Upon finishing with a story, the copy editor would hand it to me, I’d approve the work, then slip it onto that conveyor belt and hope it wouldn’t fall off on the way to the composing room.
Perhaps I wouldn’t like the copy editor’s first try at a headline, and would ask for another attempt. One day this triggered some tears from a woman who was working on the rim. Due to her stature, another of the copy editors had nicknamed her Andy Robustelli, in those days a husky defensive end for the New York Giants. What brought the tears, though, was her disappointment about the headline. Suddenly she rose from her chair and fled toward the ladies room. It proved to be the only time in working the slot on three different dailies that a copy editor had fled in tears.
Writing a headline to fit was a rather arcane skill involving certain width values for each letter or number. A copy editor with an extensive vocabulary of short words was a real find.
There was a constant turnover on the rim. One of our part-time copy editors was Glenn Warner, who had been the slot on the Cleveland News before it went belly-up. Glenn, gray-haired, middle-aged and quiet, was a short-word genius.
Another who spent some time on the rim, was Mike Waller, a moonlighter from the Cleveland Plain Dealer. Mike was to have an impressive career, winding up as a top news executive at the Hartford (Connecticut) Courant.
Russ Davies worked on the rim, certainly a different challenge than his days as sports editor. Russ, unlike any other copy editor who had worked for me, kept a running tally of the number of items he’d handled, regardless of their length or complexity. This seemed to me to be a bit like the rooster crowing about how hard he was working.
Another of the “rim rats,” as they were called, that we had for a time was Ed Witham, a veteran of other copy desks. Ed tells a tale about he and Russ Davies one day having a conversation with a mutual woman friend. Suddenly, Ed said, there was both the sound and odor of someone passing gas. Ed knew it wasn’t him, but immediately Russ exclaimed, “Shame on you, Ed.”
Newspapers of that day still employed proofreaders. Their job was to make sure that the copy had been typeset precisely as written. Unusual as it was for a proofreader to become a copy editor, two women who had been proofreaders came on to the copy desk and were very successful. One of them, Margaret Cotter, eventually went on to become managing editor at the paper in Traverse City, Michigan. Another woman, a friend of my wife and I, who hardly had ever stepped into a news room before, became a copy editor for us, and was a very good one.
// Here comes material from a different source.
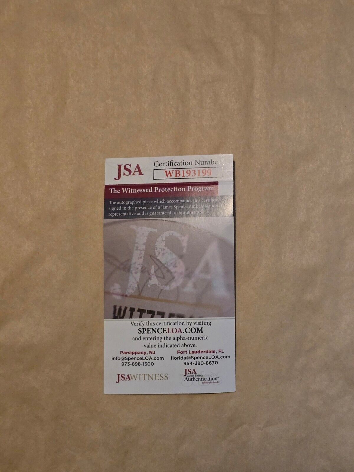 The authentication is from JSA. This signature is WITNESSED by a representative of JSA! 100% AUTHENTIC!!! The jersey has fully stitched numbers on the front and back. It is a great item and a must for all great sports fans!

Being the slot proved to be a stepping stone on my path to becoming managing editor of the C-T. How this happened is told in the chapter describing coverage of a tornado in Elyria–“Tale of a Tornado.” Actually, for a time, I was managing editor and slot both, quite an unusual combination. After a few months of this, there arose a situation between myself and Otto Schoephle similar to that had taken place between he and Charlie Bennett regarding pay.
It had been customary for me, and likely most others at rhe C-T, to receive some sort of annual bonus. During 1967, in my case, this had not happened. As time went by, I finally asked Schoephle about this. His explanation was that the raise I had received becoming managing editor took the place of the bonus. I had expected the raise as part of my expanded responsibilities as ME.
Like Bennett, I soon had an opportunity to join the staff of a larger paper, the Pontiac (Mich.) Press, more than twice the size of the C-T, with an outlook of appreciably more pay, and more career potential.
Both these looks ahead proved in time to bear fruit. So, in the summer of 1967, after 13 years in Elyria, I was off on another newspaper adventure.